From the listing below, output the lines between the one with "Ein Dokument ist" and the one with "活动临近尾声,同学们纷纷展示", including those two, and nothing else. Pictures are not copied.

(The input Opens)

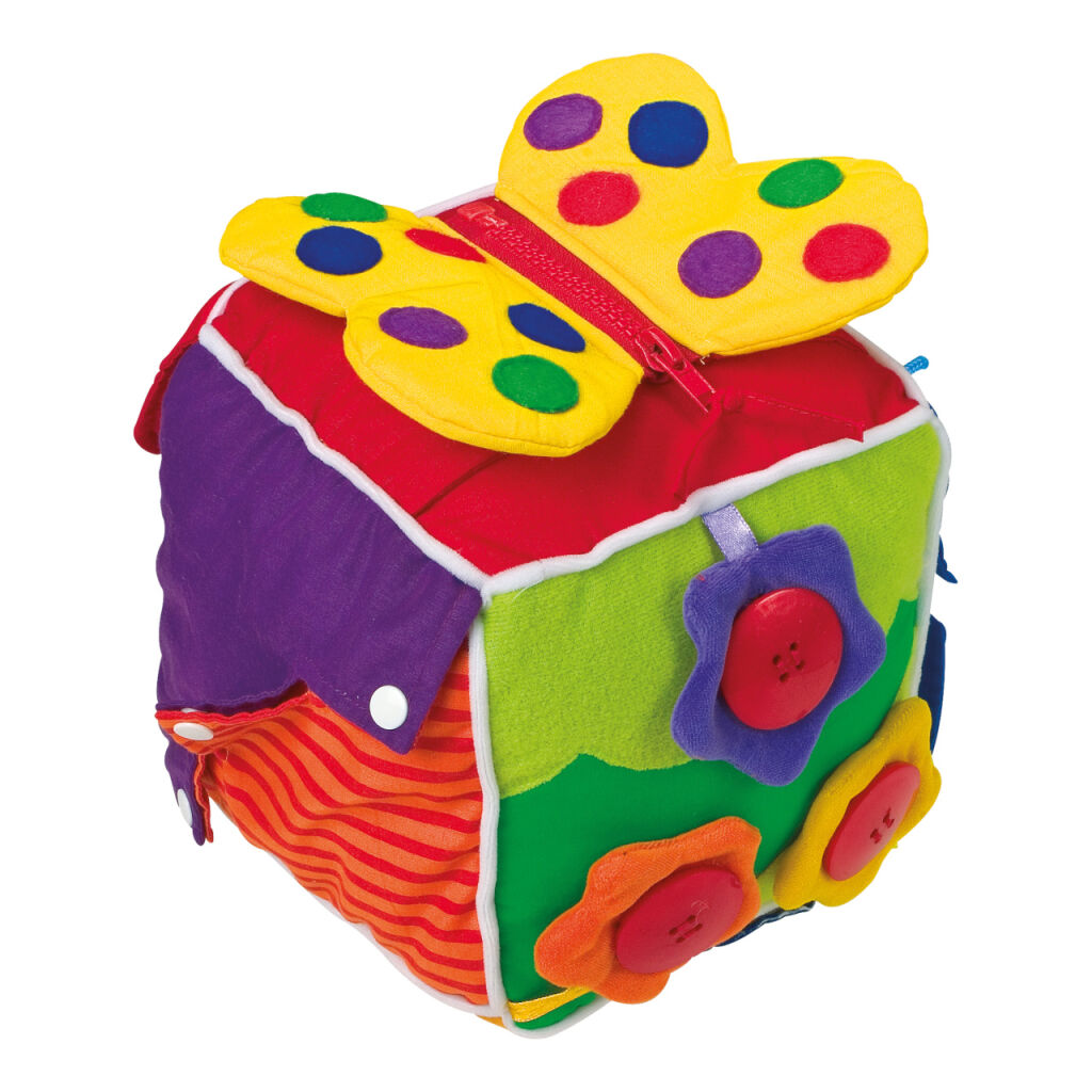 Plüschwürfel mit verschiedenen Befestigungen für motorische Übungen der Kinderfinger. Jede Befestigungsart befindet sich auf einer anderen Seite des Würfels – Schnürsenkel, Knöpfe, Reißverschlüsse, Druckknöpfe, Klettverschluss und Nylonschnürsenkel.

(The input Closes)
(The input Opens)

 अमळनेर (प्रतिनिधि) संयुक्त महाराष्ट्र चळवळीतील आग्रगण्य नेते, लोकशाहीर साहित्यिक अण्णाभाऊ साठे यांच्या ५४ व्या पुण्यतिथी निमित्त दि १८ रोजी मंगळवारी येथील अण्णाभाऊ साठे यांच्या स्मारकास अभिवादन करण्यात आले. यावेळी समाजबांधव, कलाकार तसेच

(The input Closes)
(The input Opens)

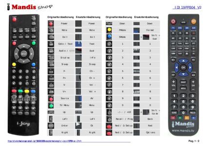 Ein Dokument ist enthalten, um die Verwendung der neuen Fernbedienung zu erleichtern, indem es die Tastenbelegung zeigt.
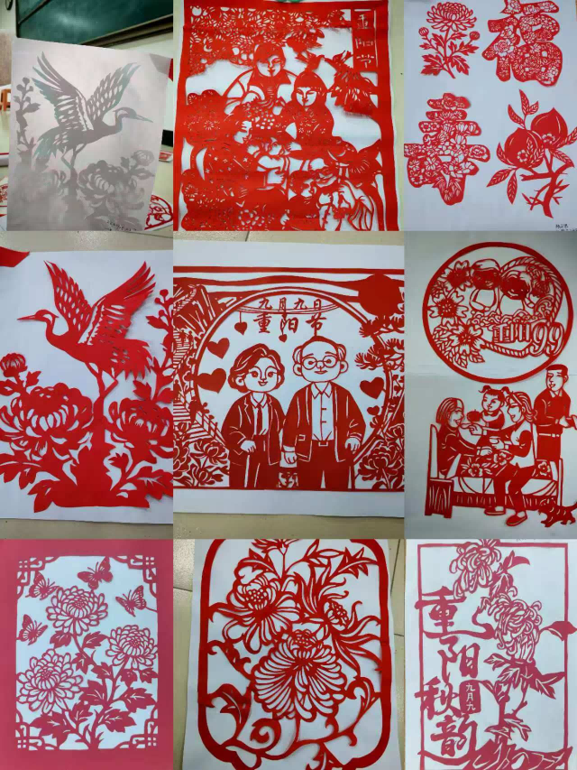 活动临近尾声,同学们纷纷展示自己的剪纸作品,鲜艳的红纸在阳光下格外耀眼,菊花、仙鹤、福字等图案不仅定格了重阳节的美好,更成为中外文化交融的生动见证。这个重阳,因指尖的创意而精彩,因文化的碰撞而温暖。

(The input Closes)

§ Exercise output
 Ein Dokument ist enthalten, um die Verwendung der neuen Fernbedienung zu erleichtern, indem es die Tastenbelegung zeigt.
 活动临近尾声,同学们纷纷展示自己的剪纸作品,鲜艳的红纸在阳光下格外耀眼,菊花、仙鹤、福字等图案不仅定格了重阳节的美好,更成为中外文化交融的生动见证。这个重阳,因指尖的创意而精彩,因文化的碰撞而温暖。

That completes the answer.